Indeed, by C-S $$\left(\sum_{cyc}\sqrt{\frac{a}{a+3b+3c}}\right)^2\leq\sum_{cyc}\frac{a}{(a+3b+3c)(17a+2b+2c)}\sum_{cyc}(17a+2b+2c).$$ Thus, it's enough to prove that: $$\sum_{cyc}\frac{a}{(a+3b+3c)(17a+2b+2c)}\leq\frac{3}{49(a+b+c)}.$$ Now, let $a+b+c=3u$, $ab+ac+bc=3v^2$ and $abc=w^3$.

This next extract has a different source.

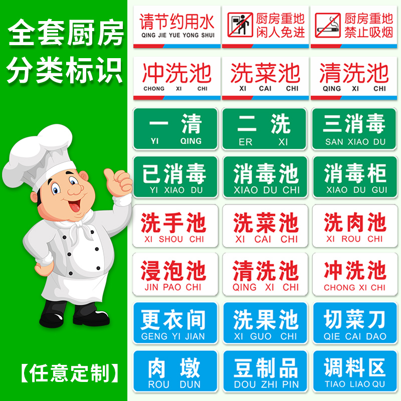 厨房标示牌贴定制荤素4d厨房管理

Thus, we need to prove that: $$\sum_{cyc}\frac{a}{(9u-2a)(6u+15a)}\leq\frac{1}{49u}$$ or $$49u\sum_{cyc}a(9u-2b)(9u-2c)(2u+5b)(2u+5c)\leq3\prod_{cyc}((9u-2a)(2u+5a)).$$ We'll prove that the last inequality is true even for any reals $a$, $b$ and $c$.

Indeed, since $\sum\limits_{cyc}a(9u-2b)(9u-2c)(2u+5b)(2u+5c)$ is a fifth degree polynomial,

the last inequality is equivalent to $f(w^3)\geq0,$ where $$f(w^3)=-3000w^6+A(u,v^2)w^3+B(u,v^2).$$ But $f$ is a concave function.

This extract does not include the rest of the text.